Much of this has been achieved through acquiring smaller forwarders and building up a network of agents across the US and, tentatively, international markets – 70% of its revenue is still derived from the US.
However, the proposal to merge Wheels and Radiant represents a step-change, propelling both companies into new lines of business and new areas of operation.
Radiant founder and chief executive Bohn Crain said: “The combination of these two companies is a truly a transformational event. Until now we had focused on freight forwarding, and that was our acquisition strategy.
“But along the way we have also communicated our interest in acquiring an operator in the adjacent [to freight forwarding] areas, and I had been looking for an opportunity like this for a long time, because it gives us contract logistics, intermodal and truck brokerage services.”

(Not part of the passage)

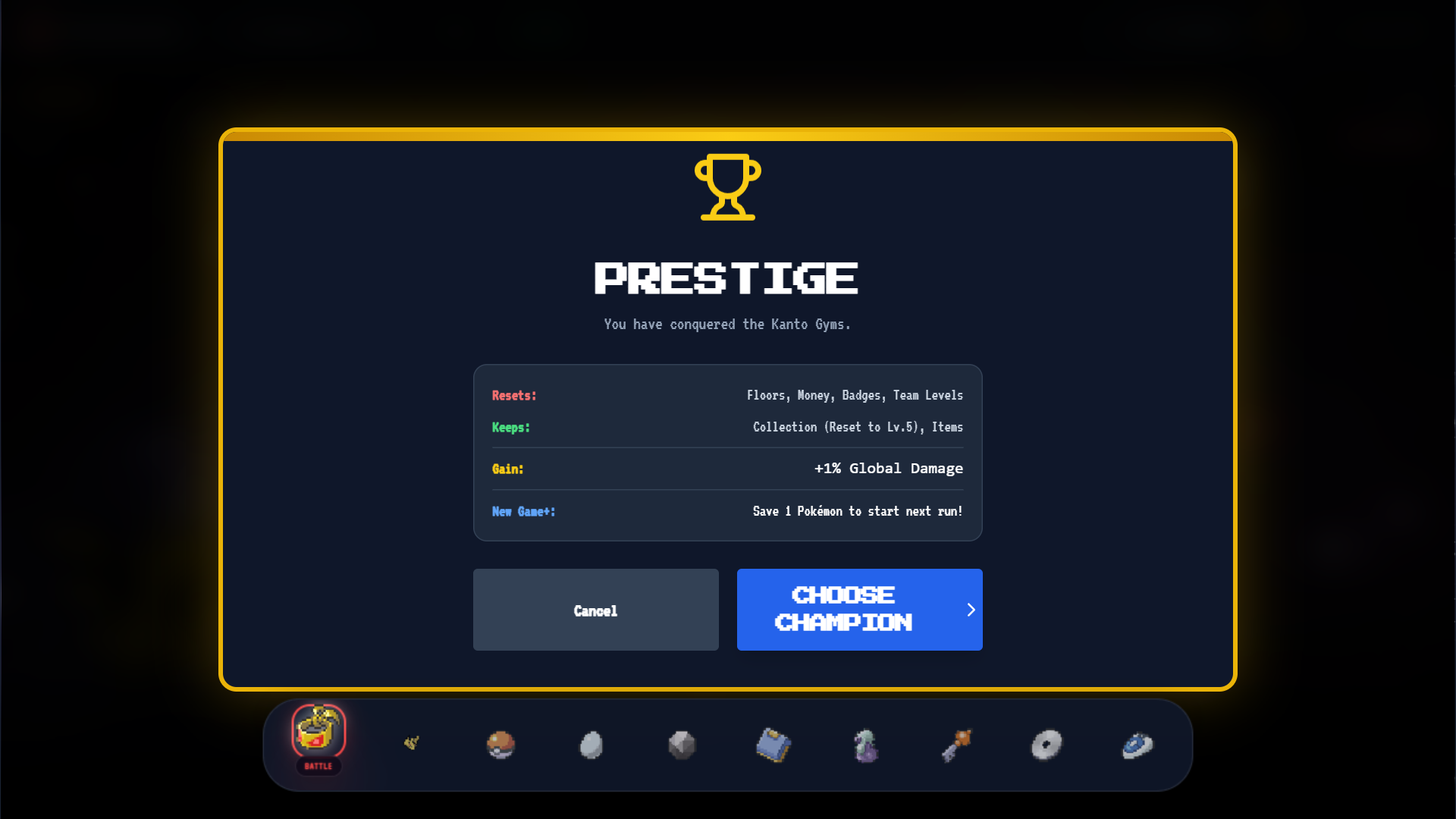 But I think being able to sell items like potions and evo stones for a % of the their buyable price would be nice as all your pokemon dying has very minimal consequences since you just get sent back by 1 floor so there's not much incentive to be healing your pokemon, I usually find my self having around 100+ of every item by the time I prestige so being able to sell them to get a little extra money to gamble with would be nice.

Mr Crain said that a range of new strategic options had been created by the merger.
“We currently have 100 agent stations wearing a freight forwarding hat, and for those that would also like to operate in the truck brokerage, this gives them that opportunity.
“When we acquired other freight forwarding networks we had the same technology and back office operations, providing extraordinary cost synergies. But this is an acquisition of an adjacent business – our IT system cannot handle truck brokerage operations.”

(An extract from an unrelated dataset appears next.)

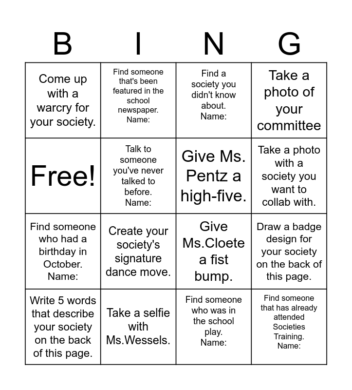 This bingo card has 16 words: Take a selfie with Ms.Wessels., Draw a badge design for your society on the back of this page., Find a society you didn't know about. Name:, Come up with a warcry for your society., Find someone who had a birthday in October. Name:, Find someone that's been featured in the school newspaper. Name:, Give Ms.Cloete a fist bump., Find someone who was in the school play. Name:, Free!, Talk to someone you've never talked to before. Name:, Write 5 words that describe your society on the back of this page., Take a photo of your committee, Create your society's signature dance move., Take a photo with a society you want to collab with., Give Ms. Pentz a high-five. and Find someone that has already attended Societies Training. Name:.

The deal also brings together two very different customer portfolios, Mr Crain added.
“Radiant is a more transactional freight forwarder with its customers generally being mid-sized shippers, whereas Wheels has long, long relationships with blue-chip shippers, principally in the food business,” he said.
Around 71% of Wheels’ revenues come from shippers in the food and beverage and frozen food segments. Last year it reported revenues of C$368.8m and an ebitda of C$8.4m.
According to projections, the combined entity will have revenues of US$756.3m this year and US$800m next year, with an ebitda of US$26.5m in 2015 and US$29.5m in 2016.
The size of the deal means Radiant also had to arrange a new round of financing to fund the purchase and rejuvenate its balance sheet – Bank of America will issue a new US$65m senior secured revolving cross-border credit facility that will replace an existing $30m facility, while a new C$29m senior secured Canadian term loan from Integrated Private Debt Fund and a US$25m loan from Alcentra Capital Corporation and Triangle Capital Corporation “will fund the Wheels transaction and provide capital for general corporate purposes, including potential future acquisitions”.
On completion, Wheels will be delisted from the Toronto Stock Exchange.
Wheels chief executive Doug Tozer said: “Combining with Radiant is an exciting opportunity to accelerate Wheels’ growth plans.
“The two companies share the same vision and provide complementary services, which will be leveraged to expand operational capabilities and geographic reach.”